═════ Records shown ═════

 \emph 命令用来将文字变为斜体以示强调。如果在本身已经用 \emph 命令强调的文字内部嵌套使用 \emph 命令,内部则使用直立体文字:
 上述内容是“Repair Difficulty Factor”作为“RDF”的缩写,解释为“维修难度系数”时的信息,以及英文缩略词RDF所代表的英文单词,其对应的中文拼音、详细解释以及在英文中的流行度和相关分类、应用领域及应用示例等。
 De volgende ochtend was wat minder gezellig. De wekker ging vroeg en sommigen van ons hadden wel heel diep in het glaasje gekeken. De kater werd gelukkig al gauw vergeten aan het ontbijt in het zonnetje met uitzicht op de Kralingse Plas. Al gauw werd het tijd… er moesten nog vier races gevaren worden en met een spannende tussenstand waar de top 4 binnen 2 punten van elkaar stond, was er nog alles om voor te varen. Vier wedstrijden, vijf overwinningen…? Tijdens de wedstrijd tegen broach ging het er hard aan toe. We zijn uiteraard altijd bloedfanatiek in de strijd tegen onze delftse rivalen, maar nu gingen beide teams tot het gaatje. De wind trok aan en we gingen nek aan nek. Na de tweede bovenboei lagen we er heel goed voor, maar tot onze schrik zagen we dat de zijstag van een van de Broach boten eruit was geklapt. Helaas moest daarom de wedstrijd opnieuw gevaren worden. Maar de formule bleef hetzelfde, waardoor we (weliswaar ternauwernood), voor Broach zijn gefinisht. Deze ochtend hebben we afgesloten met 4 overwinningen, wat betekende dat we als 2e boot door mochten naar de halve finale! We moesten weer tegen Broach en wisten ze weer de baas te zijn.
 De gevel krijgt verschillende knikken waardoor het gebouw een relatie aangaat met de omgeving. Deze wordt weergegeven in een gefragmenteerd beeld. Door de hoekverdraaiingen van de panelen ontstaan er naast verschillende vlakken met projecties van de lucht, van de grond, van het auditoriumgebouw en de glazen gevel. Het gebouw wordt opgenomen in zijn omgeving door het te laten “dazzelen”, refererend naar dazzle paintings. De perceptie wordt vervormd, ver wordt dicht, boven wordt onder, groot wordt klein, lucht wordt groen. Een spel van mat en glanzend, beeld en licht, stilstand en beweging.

═════
═════ Records shown ═════

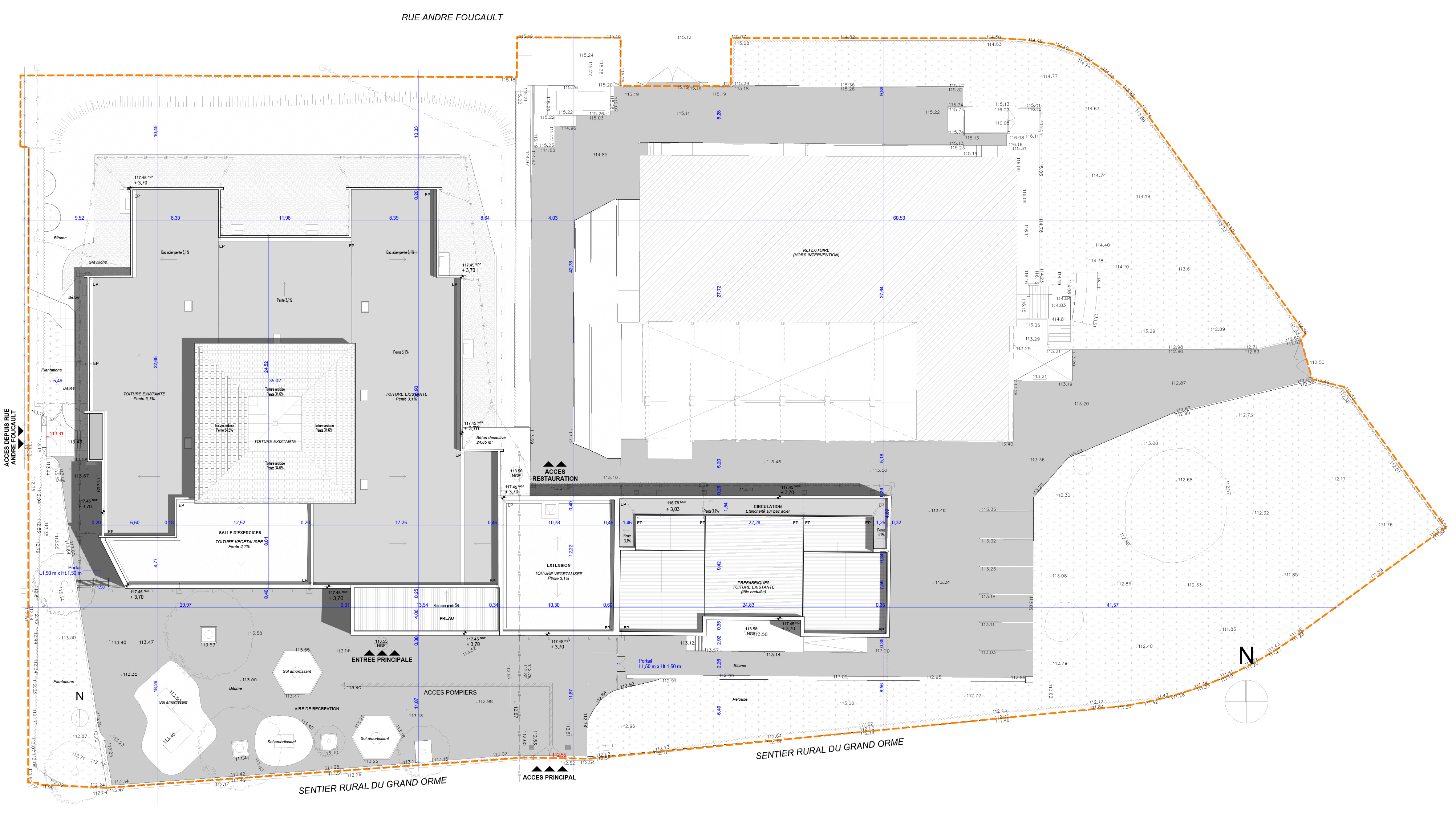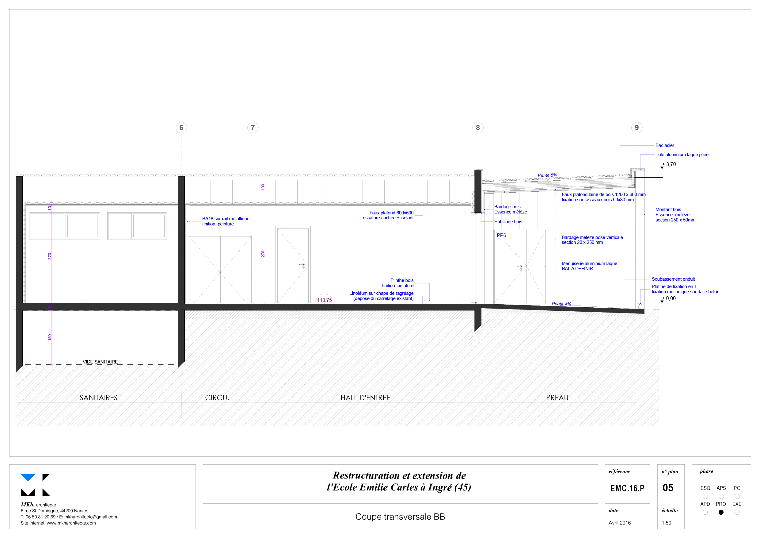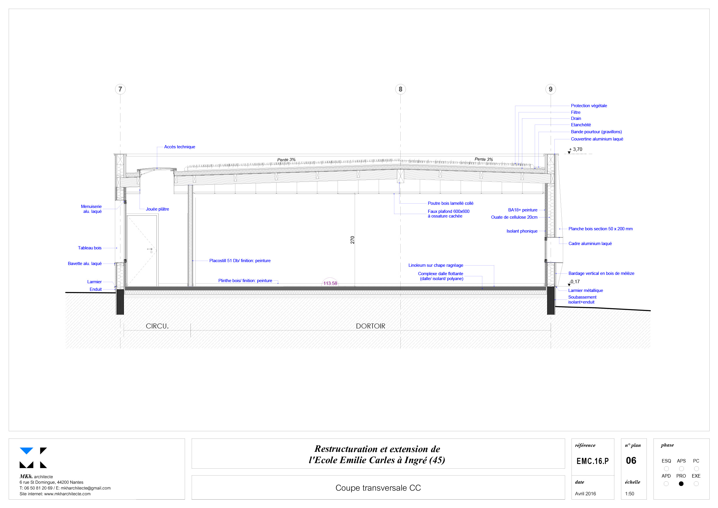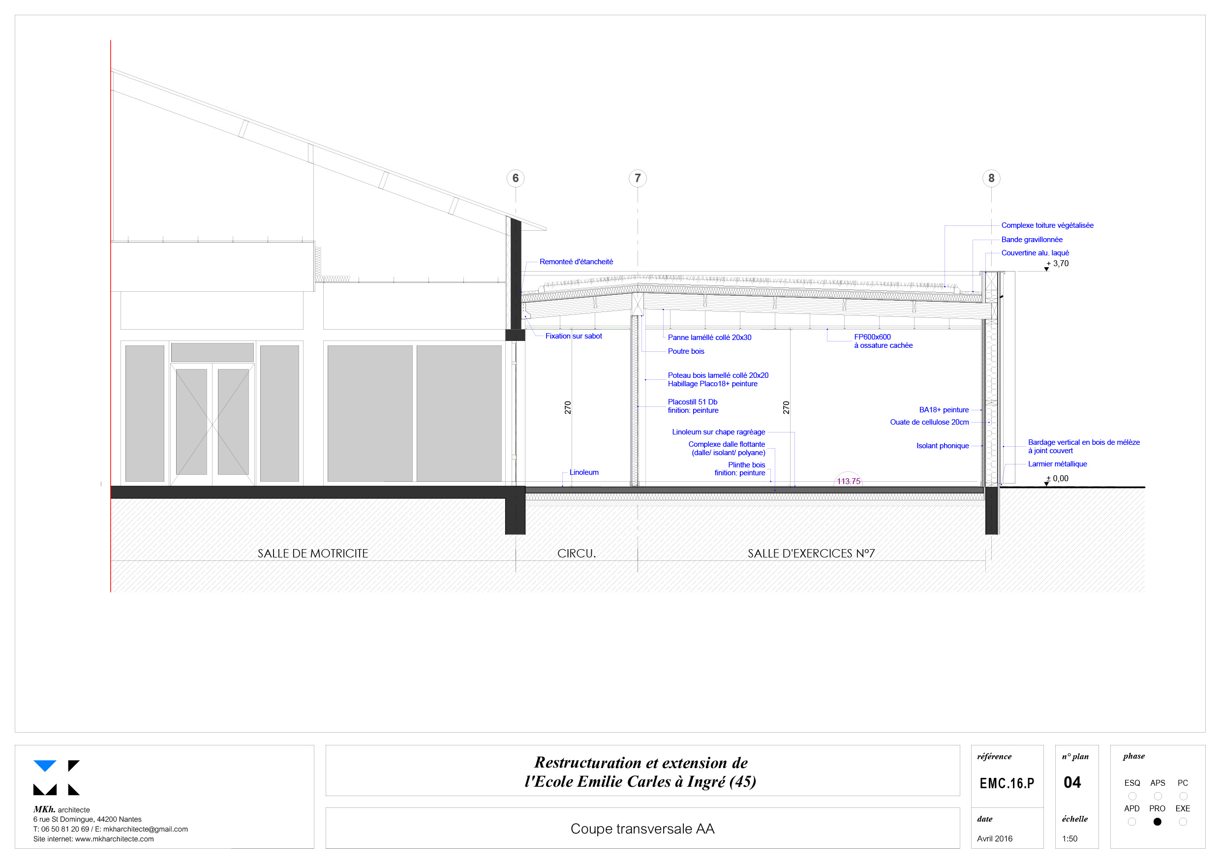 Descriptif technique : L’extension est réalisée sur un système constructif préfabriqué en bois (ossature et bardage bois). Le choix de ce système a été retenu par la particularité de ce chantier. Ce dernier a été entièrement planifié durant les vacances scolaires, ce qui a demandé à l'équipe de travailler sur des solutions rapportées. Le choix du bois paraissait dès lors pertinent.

═════

* _What is being asked_: When a line in the listing above holds the word "naar", copy it.

* _Response_:
 De volgende ochtend was wat minder gezellig. De wekker ging vroeg en sommigen van ons hadden wel heel diep in het glaasje gekeken. De kater werd gelukkig al gauw vergeten aan het ontbijt in het zonnetje met uitzicht op de Kralingse Plas. Al gauw werd het tijd… er moesten nog vier races gevaren worden en met een spannende tussenstand waar de top 4 binnen 2 punten van elkaar stond, was er nog alles om voor te varen. Vier wedstrijden, vijf overwinningen…? Tijdens de wedstrijd tegen broach ging het er hard aan toe. We zijn uiteraard altijd bloedfanatiek in de strijd tegen onze delftse rivalen, maar nu gingen beide teams tot het gaatje. De wind trok aan en we gingen nek aan nek. Na de tweede bovenboei lagen we er heel goed voor, maar tot onze schrik zagen we dat de zijstag van een van de Broach boten eruit was geklapt. Helaas moest daarom de wedstrijd opnieuw gevaren worden. Maar de formule bleef hetzelfde, waardoor we (weliswaar ternauwernood), voor Broach zijn gefinisht. Deze ochtend hebben we afgesloten met 4 overwinningen, wat betekende dat we als 2e boot door mochten naar de halve finale! We moesten weer tegen Broach en wisten ze weer de baas te zijn.
 De gevel krijgt verschillende knikken waardoor het gebouw een relatie aangaat met de omgeving. Deze wordt weergegeven in een gefragmenteerd beeld. Door de hoekverdraaiingen van de panelen ontstaan er naast verschillende vlakken met projecties van de lucht, van de grond, van het auditoriumgebouw en de glazen gevel. Het gebouw wordt opgenomen in zijn omgeving door het te laten “dazzelen”, refererend naar dazzle paintings. De perceptie wordt vervormd, ver wordt dicht, boven wordt onder, groot wordt klein, lucht wordt groen. Een spel van mat en glanzend, beeld en licht, stilstand en beweging.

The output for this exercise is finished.